I've been thinking about a more difficult problem, which is : how do you deal with bugs in compression algorithms?
I don't mean bugs like "it crashes" or "the decompressor doesn't reproduce the original data" - those are the easy kind of bugs and you just go fix them. I mean bugs that cause the compressor to not work the way you intended, and thus not compress as much as it should.
The very hard thing about these bugs is that you can have them and not even know it; I'm sure I have a hundred of them right now. Frequently they are tiny things like you have a less-than where you should have a less-or-equal.
To avoid them really requires a level of care that most programmers never use.

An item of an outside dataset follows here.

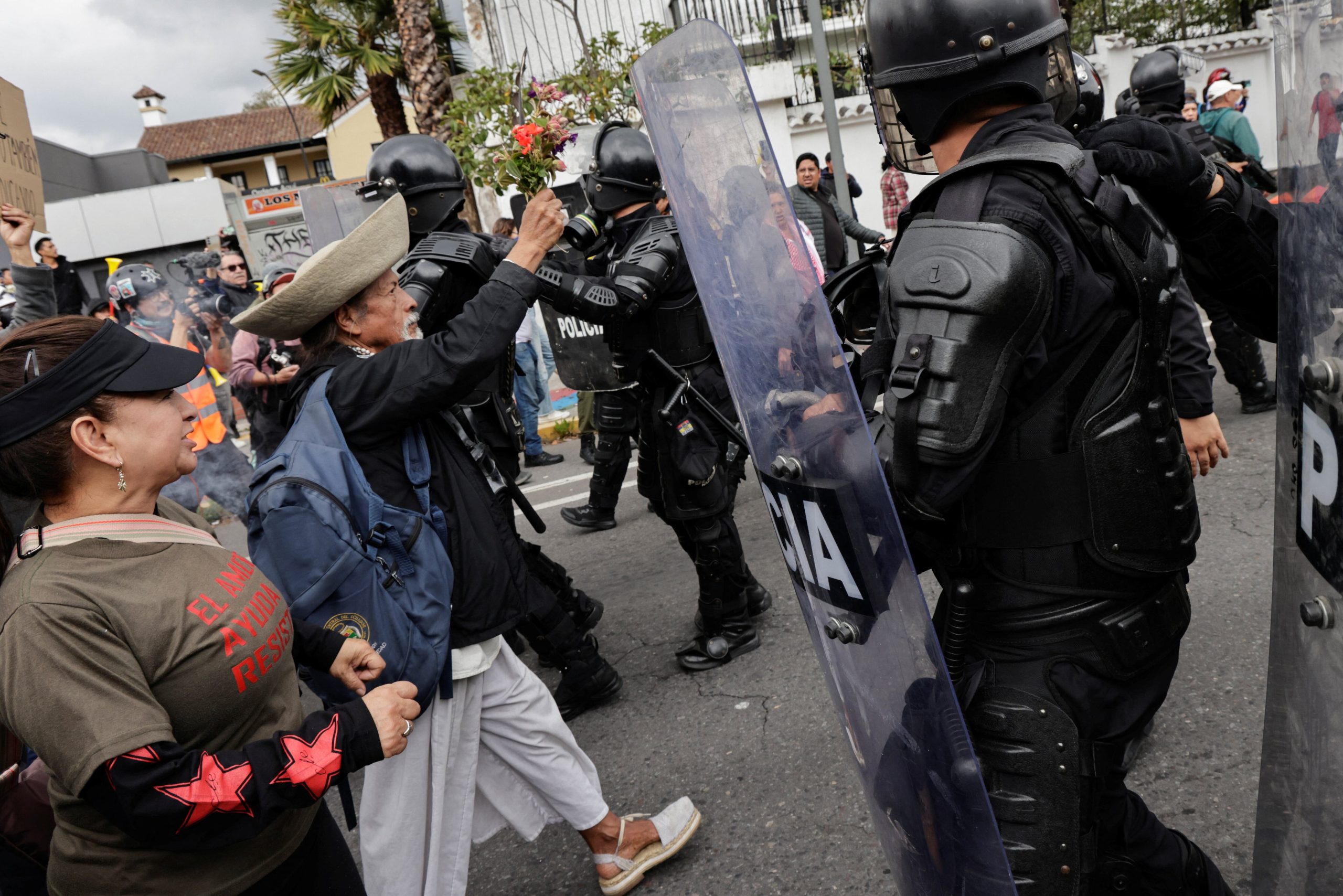 Un manifestante sostiene flores frente a agentes de policía mientras organizaciones indígenas y otros movimientos sociales convocan a una marcha pacífica de resistencia, en Quito, Ecuador, el 12 de octubre de 2025. REUTERS/Karen Toro

You have to be super vigilant. Any time something surprises you or is a bit fishy, you can't just go "hmm that's weird, oh well, move on to the next task". You have to stop and think and look into it. You have to gather data obsessively.
Any time you implement some new idea and it doesn't give you the compression win you expected, you can't just say "oh well guess that didn't work", you have to treat it like a crash bug, and go set breakpoints and watch your variables and make sure it really is doing what you think; and if it is, then you have to gather stats about how often that code is hit and what the values are, and see where your expectations didn't match reality.
I've really been enjoying working on compression again. It's one of the most fun areas of programming that exists. What makes it great :
1. Clear objective measure of success. You can measure size and speed (or whatever other criteria) and see if you are doing well or not. (lossy compression is harder for this).
2. Decompressors are one extreme of fun "hacker" programming; they have to be very lean; great decompressors are like haikus, they're little pearls that you feel could not get any simpler without ruining them.
3. Compressors, on the other hand, can be big and slow, and you get to pull out all the big guns of algorithms for optimization and searching and so on.